Now our goal is to reverse-engineer how machine learning models in production serve tailored ads based on their inference of personal buying patterns.

A well known style of strings that poses issues to render is Zalgo text. In short, Zalgo text renders unicode with a large layer of ascending and descending diacritical marks, exhibiting display behavior outside of convention. An interesting fact about Zalgo text is that Google translate detects its as Vietnamese. This is a key mechanism which we will exploit.

Using diacritical marks we construct a unique identifier that has no prior search results on Google. Inputting this unique identifier onto a Twitter account as the profile name yields an interesting effect.

Google Translate automatically infers what language and ethnicity you are on Twitter based on your profile name. The next step is to include a gender-ambiguous (ie adversarial attack on binary classification for gender) profile picture which subjectively exhibits results for women and men.
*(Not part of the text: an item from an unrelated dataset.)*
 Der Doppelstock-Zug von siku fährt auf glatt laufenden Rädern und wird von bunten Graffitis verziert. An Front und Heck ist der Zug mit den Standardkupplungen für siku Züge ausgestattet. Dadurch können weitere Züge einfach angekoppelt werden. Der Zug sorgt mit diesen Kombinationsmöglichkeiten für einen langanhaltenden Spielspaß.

This is achieved by interpolating faces that do not pre-exist on the image search engines.

What happens is that content posted to your Twitter is automatically scraped by Pinterest and parsed into categories of marketing profiles. However, it relies on the ethnicity/gender profile constructed by Google Translate and facial recognition software to finetune their results. Recall, we input a Vietnamese unique identifier into the profile without pre-existing search results. The result is then for that unique identifier, it will have several international Pinterest results, typically first page results. These Pinterest boards now serve as automatic assets for suggesting a content profile of interests for this particular unique identifier. The input being Vietnamese, for symmetry we chose an Asian profile picture.

Now what occurs is that Twitter is scraped by Pinterest using Google to construct the persona. And by strategically locating this data on various top-level domains such as .ru or .jp, we effectively have the instance of a fragmented, decentralized ad persona.
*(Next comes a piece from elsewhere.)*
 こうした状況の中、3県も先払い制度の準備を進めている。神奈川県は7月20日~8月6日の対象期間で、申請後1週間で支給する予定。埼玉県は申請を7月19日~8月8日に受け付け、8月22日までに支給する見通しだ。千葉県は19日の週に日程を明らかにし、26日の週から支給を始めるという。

Using this, Facebook and Instagram is able to search Google and Pinterest to construct an ad profile of visual content for their targeted marketing. If it detects that you are a Vietnamese woman, for instance, you will be served aspirational marketing with Vietnamese women as the protagonist exclusively in the Vietnamese language.
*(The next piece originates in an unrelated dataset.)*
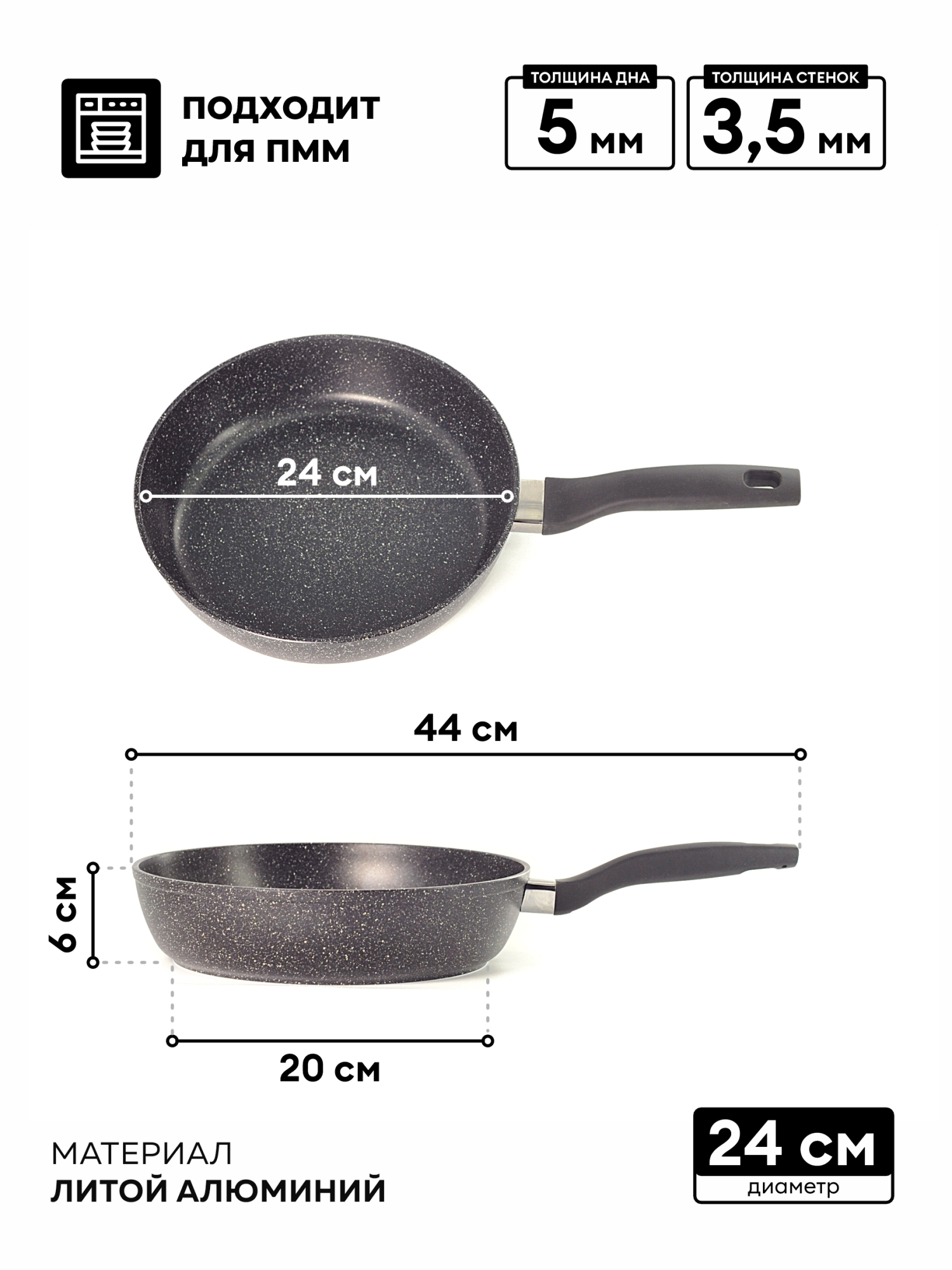 Основа посуды из литого термоаккумулирующего алюминия, благодаря которому поступившее тепло равномерно распределяется по поверхности посуды.

This Facebook / Instagram profile can be otherwise left blank, the only necessity is that the username must match the username on Twitter, and for search results on Google.

In 1950, A. Turing published COMPUTING MACHINERY AND INTELLIGENCE in a journal for psychology and philosophy to describe The Imitation Game.

We now ask the question, ‘What will happen when a machine takes the part of A in this game?’Will the interrogator decide wrongly as often when the game is played like this as he does when the game is played between a man and a woman? These questions replace our original, ‘Can machines think?

Gender is at the heart of the Imitation Game, and is the critical factor in which we can assess the validity of our results.

Gender is often naïvely delineated into two categories, Male and Female. Usually represented as a bit in binary data, 0 or 1. Now, there is a great deal of machine learning that achieves remarkable results through methods of linear and logistic regression on binary data. In this case, we have that gender profiling is an inherently flawed measurement which will we exploit using adversarial examples. For instance, under many computer vision and facial recognition algorithms, we have that gender is presumed on a threshold of likelihood, where ambiguous examples (such as androgynous faces) can pose difficult in accurate classification. Moreover, we can extrapolate examples from a latent space of discriminator results from a generative adversarial network, specifically synthesized to find exhibit extreme behavior in our classification.

This is yet another example of fingerprinting.

So by selectively disseminating across multiple accounts using our unique identifiers and adversarial input for facial recognition, we can create sterile examples of how social media is used to synthesize input for machine learning and advertising inferences. This method is highly replicable, and canarytext profiles can be manipulated thereon to exhibit other behavior such as change in language, change in ethnicity or change in gender.

For an average Twitter account, enabling an adblocker while navigating the timeline can yield anywhere from roughly 22 - 350+ ad trackers blocked actively.

This image illustrates all connections with adblocking disabled, where nodes represent individual web applications and edges represent an active connection.